In short, modern stadiums are built to maximize profits, not the number of people in the house. That's why you won't find any pro football or baseball venues on a list of the world's biggest sports stadiums.
That list is almost entirely reserved for one sport: auto racing. The world's marquee tracks all have room for more than 100,000 fans, with the Indianapolis Speedway in the U.S. and the Shanghai International Circuit in China cramming in more than 200,000 apiece.
Of the 46 stadiums across the world that house 100,000 or more people, 26 are auto racing tracks, according to Worldstadiums.com. The only exceptions to the top 10 list are a pair of giant horse racing venues in Japan--Tokyo Racecourse (capacity: 223,000) and Nakayama Racecourse in Chiba (just under 166,000).
Why are race tracks so big? Because they only host one or two big events per year. When the people aren't coming en masse every day or every week, you need to accommodate the hordes who show up for the big race once a year.
"You have to maximize revenue and capture the people around those events," says Don Hinchey, a sports business consultant with the Denver, Colo.-based Bonham Group.
All tracks supplement their big races--the Indy 500 at Indianapolis Speedway, the Daytona 500 at Daytona International Speedway in Florida, for instance--with minor events. But most of the dough comes from the big annual race.
A Daytona spokesman said the venue typically hosts eight or nine major weekend events per year, though he declined to offer attendance or revenue figures.
Even among non-race tracks, North American pro football or baseball stadiums are nowhere to be found on a list of the world's largest. Filling up that group are large multi-use facilities around the globe, many of which were built for the Olympic Games and now mostly house soccer. There are also a handful of U.S. college football houses (think Big Ten country: Penn State, Michigan and Ohio State).

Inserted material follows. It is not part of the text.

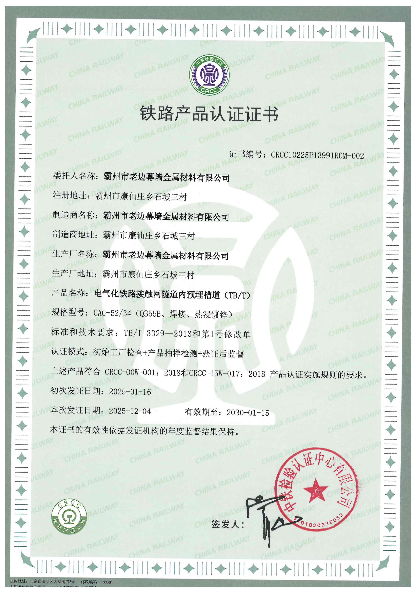 鐵路產(chǎn)品認(rèn)證證書02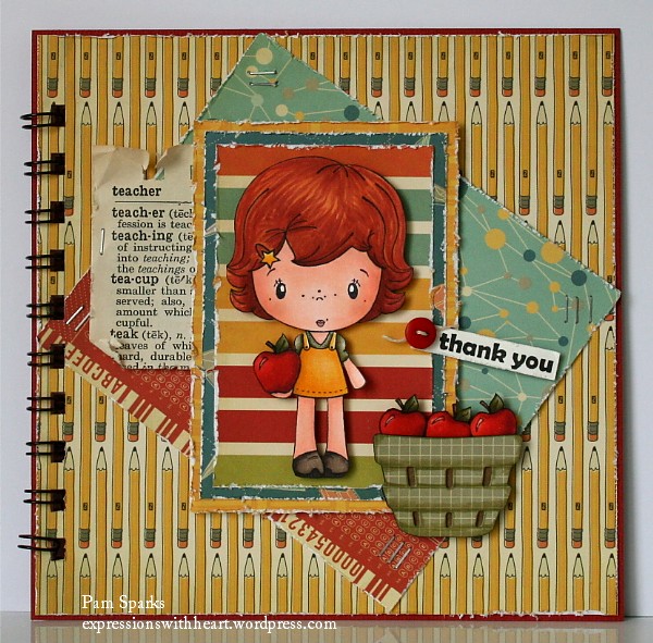 I used the sketch from last weeks Cute Card Thursday challenge for my Teacher booklet… I bound it with the bind it all, brown 3/8 in. Owires and it’s going to my daughter to keep track of the books the children read this year.  The pattern paper is a Cosmo Cricket 6×6 pad, an old dictionary page,  tiny attacher staples,  Quickutz apple basket, button and the  “thank you” sentiment is HERE.  A great set of Fall sentiments.  The apples in the basket are the apple that Honey is holding.  I just stamped that area three times,  cut them out and colored them.

Examples include soccer palace Estadio Azteca in Mexico City, which housed the 1968 Summer Olympics, and the Melbourne Cricket Grounds in Australia, home base of the 1956 Games. The three biggest: Rungrado May Day Stadium in Pyonyang, North Korea; Salt Lake Stadium in Kolkata, India; and Penn State's Beaver Stadium in State College, Pa.
But don't expect the next wave of baseball stadiums, whenever it comes, to return to a model of maximizing butts in seats.
"Baseball owners sometimes say they wish they had an extra 20,000 seats only because they can fill them on opening day or on a fireworks night," says Hinchey.
But then you still have the rest of the season. Better keep those seats limited and expensive.